Autoportrait peignant son épouse, Élisabeth de Gouy (détail) - 1742

Collection particulière © Stéphan Perreau

 

Si, dès le 17 mai 1703, Rigaud avait tenté un premier mariage avec Catherine de Chastillon, fille d'un procureur, cette union sera finalement annulée quelques jours plus tard sans que l'on en connaisse la raison (les deux promis restant en bons termes). Il attendit donc le 19 mai 1710 pour épouser Élisabeth de Gouy devant le notaire Cosson (acte manquant des liasses). Elisabeth, auparavant veuve d'un huissier du Grand Conseil, Jean Le Juge, avait déjà une fille que Rigaud adopta. Le Juge, qui se trouvait à Dieppe en 1701, dans l'hostellerie de la rue de la Barre, « à l'enseigne du roi d'Angleterre », y rédigea une procuration afin que son épouse puisse s'obliger envers Rigaud d'une dette estimée à plus de... 10000 livres ! Il mourut peu avant 1706 et l'on comprend que la jeune femme ait été mariée avec ce « panier percé » sous le régime de la séparation des biens...

 

On sait que Rigaud était uni d'une profonde amitié avec Élisabeth de Gouy dont il fit deux portraits et qu'il nomma un temps son exécutrice testamentaire.
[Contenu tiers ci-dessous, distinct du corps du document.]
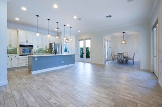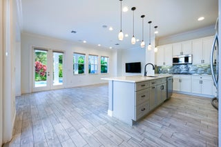 Step into modern comfort with this beautifully updated 3-bedroom, 2.5-bath pool home located in the sought-after gated community of Evergrene. Spanning over 3,200 square feet, this two-story residence features a 2022 saltwater pool and a spacious layout designed for both relaxation and entertaining. The main level offers a contemporary open flow with a renovated kitchen, formal dining room, and family room that opens to a private, landscaped backyard. Wood-look tile flooring, a neutral color palette, and modern finishes add a refined touch throughout. Upstairs, all bedrooms are arranged in a split layout with a central loft and laundry room for convenience. The expansive primary suite boasts a luxurious en-suite bath, a walk-in closet, and a screened-in balcony overlooking the pool.Evergrene offers resort-style amenities including a clubhouse, pool, hot tubs, tiki bar, restaurant, fitness centers, parks, a fishing pier, pickleball and volleyball courts, and year-round community events. Key updates include 2021 kitchen and bathroom renovations, 2021 wood-look tile flooring, 2023 exterior paint, 2017 A/C, and a 2023 water heater.
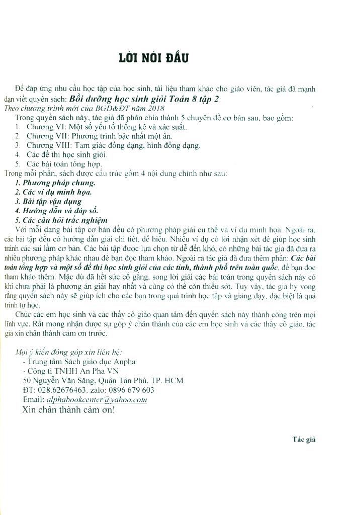 Bồi Dưỡng Học Sinh Giỏi Toán 7 - Tập 2 Nhằm giúp các em học sinh lớp 7 yêu tích toán học hơn thông qua việc giải những bài toán bằng nhiều cách khác nhau. Trong học toán và giải toán, việc tìm thêm những lời giải khác hau cho một bài tóan mang lại sự hứng thú và phát triển tư duy cho học sinh. Từ đó quyển sách được biên soạn với mong muốn giúp các em học sinh lớp 6 yêu tích toán học hơn thông qua việc giải những bài toán bằng nhiều cách khác nhau.
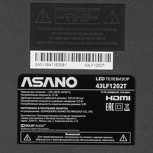 Размер экрана телевизора, см 108см Особенности телевизора FHD Размер экрана 43" Формат экрана 16:9 Частота обновления 60 Гц Яркость экрана, кд/м2 250 Контрастность 5000:1 Тюнер DVB-T2/C Мощность звука, дБ 2*7 Разъем для наушников 1 Выход HDMI 2 Цвет Titanium Gold Вес без упаковки, кг 6.60 Входные/выходные разъемы CI слот 1 Наличие входа аудио-видео 1 Коаксиальный разьем SP-DIF 1 Порты Наличие USB 2.0 2 ВГХ упаковки Ширина упаковки, мм 103 Глубина упаковки,мм 13 Высота упаковки, мм 66 Упаковка Ширина, мм 130 Высота, мм 660 Глубина, мм 1030 Объем, м3 0.0884 Вес, кг 9
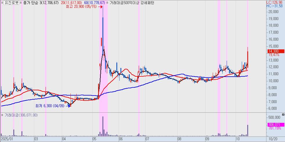 주가 흐름 자동화 기대 확대로 강한 상승 구간을 경험했습니다. 테마의 선봉에 섰던 시기에는 가격과 거래대금이 동시에 확대되는 전형적 테마 랠리를 보였습니다.
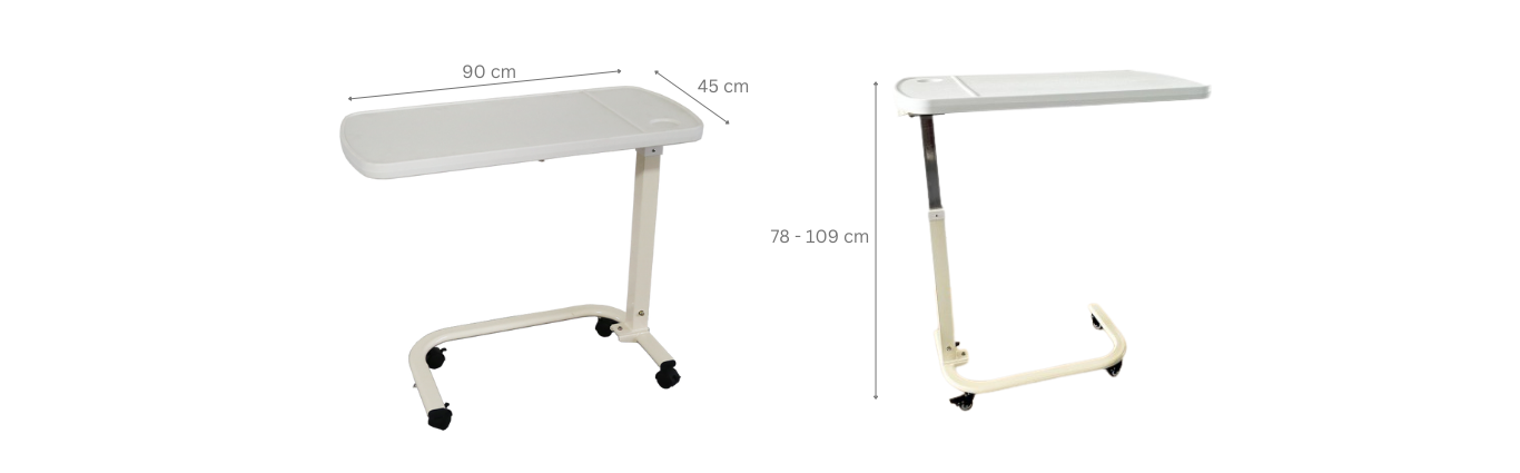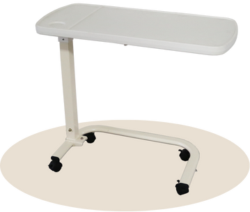 The Plastic Overbed Table is designed to provide a stable surface for patients to eat or engage in other activities while lying in bed. It can be adjusted in height to accommodate different patient needs and preferences.
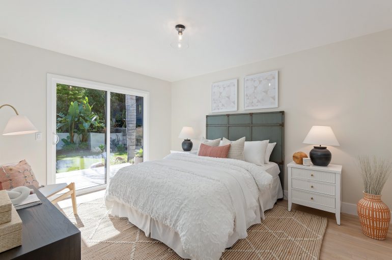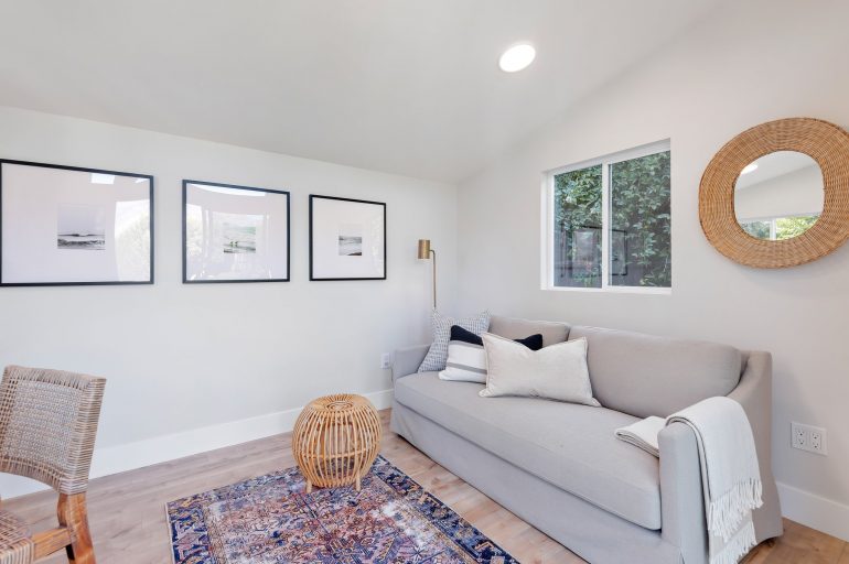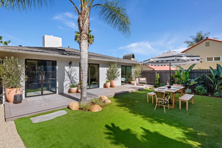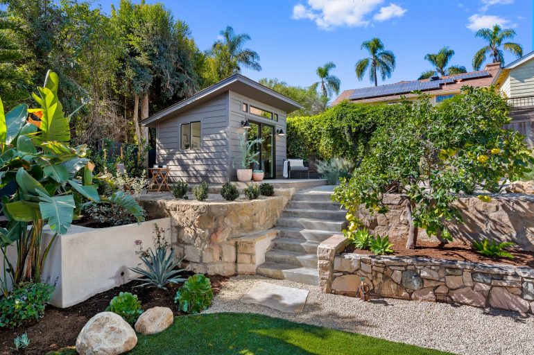 This light-filled, airy, 3/2+ home boasts a gourmet chef’s kitchen with a Wolf range, luxury ensuite primary bath, three downstairs bonus rooms, original French oak floors, fireplace, and high-end finishes throughout. The kitchen and bedrooms open onto a spacious Trex deck and gorgeous garden designed by the award-winning firm Isa Bird Landscape Design. Bubbling fountains, an outdoor firepit area, mature citrus trees, bountiful avocado and macadamia nut trees, passion fruit vines, low-water, lush plantings, and two luxe artificial turf lawns complete the stunning indoor-outdoor experience.
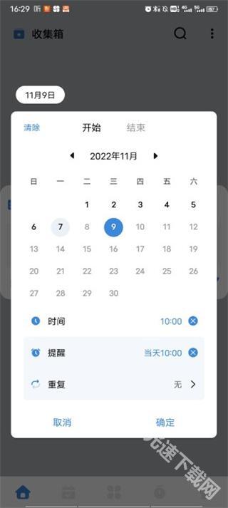 3、详细内容区域内的小图标依次对应时间、标签、子任务和优先级功能。点击日历样式的图标后,可选择任务的具体时间并设置提醒,最后点击确定按钮完成操作即可。
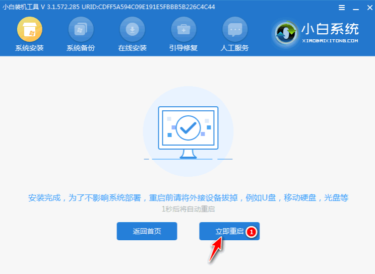 3、軟件下載完成后會自動部署,完成后會提示選擇立即重啟。
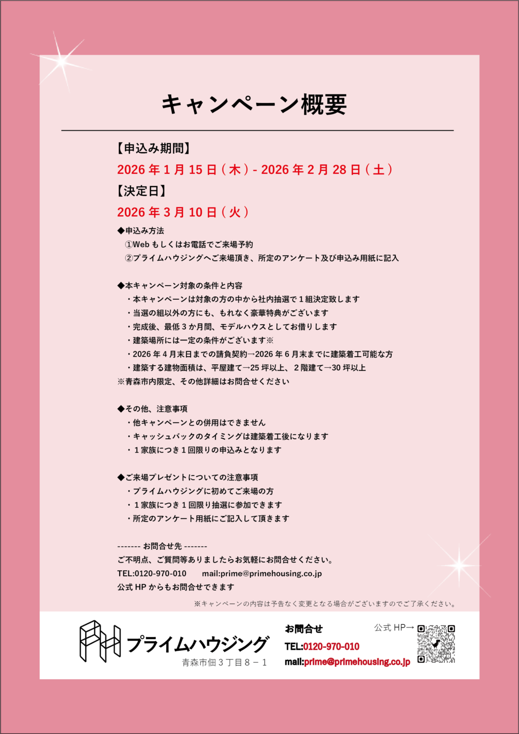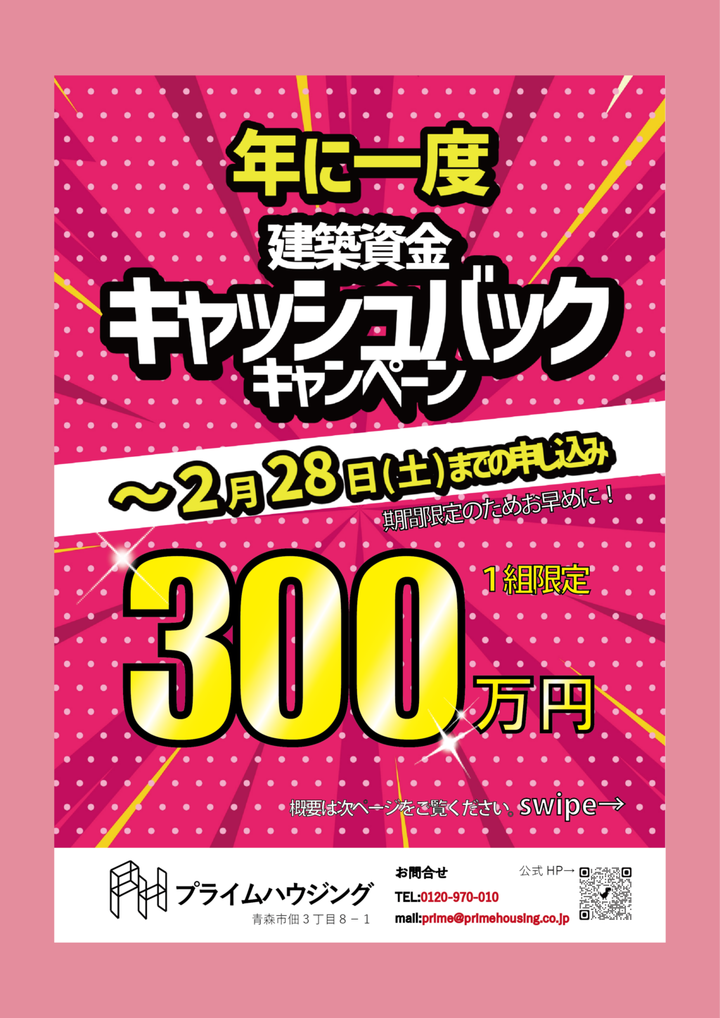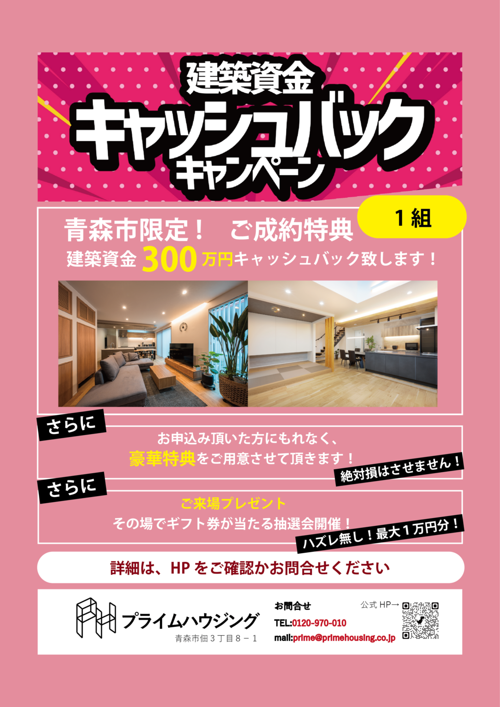 2026年1月19日 / 最終更新日時 : 2026年1月19日 primestaff ブログ 【期間限定】-建築資金キャッシュバックキャンペーン- プライムハウジングから期間限定のキャンペーンのお知らせです。 詳細内容や条件は、下部に記載がありますので必ずご確認ください。

Malheureusement, elle mourut avant lui, le 14 mars 1743 (selon l'inventaire qui suit), ou le 15 (selon l'extrait des registres de Saint Roch, ci-dessous, et publié par Jal). De qui vient l'erreur ?

 

Enterrement Gouy

Inhumation d'Élisabeth de Gouy.

Extrait des registres mortuaires de l'église Saint Roch. Archives nationales (ét. LIII, 316) © Stéphan Perreau

 

Dans tous les cas, elle fut enterrée le 16. Guiffrey, en publiant en 1884 de manière fragmentaire les scellés apposés à la mort de Rigaud, évoqua ceux mis quelques mois plus tôt par le commissaire Glou sur les effets d'Élisabeth. Selon lui, ils ne valaient pas la peine qu'on s'y arrête. Depuis, la redécouverte de l'inventaire après décès de Rigaud a permi de préciser les termes du contrat de mariage de 1710 que Rigaud spécifia cependant au commissairesous comme étant sous le régime de la séparation des biens car « son épouse n’avait pas de bien ; il ne l’a prise que pour son mérite personnel ». Il déclara que la succession de la défunte ne consistait que dans ses hardes et linge en petite quantité, le tout enfermé dans une armoire en bibliothèque placée dans l’antichambre ; tout le reste du mobilier lui appartenant. L'armoire ouverte, une soeur d'Élisabeth et les neveux d'une autre, contestèrent à Charlotte Le Juge le droit d'hériter des quelques hardes que sa mère laissait. Ce n'est donc qu'en novembre 1743 que l'inventaire put être réalisé, après que le Châtelet ait rendu justice à la jeune femme, retirée depuis un moment en Vendée...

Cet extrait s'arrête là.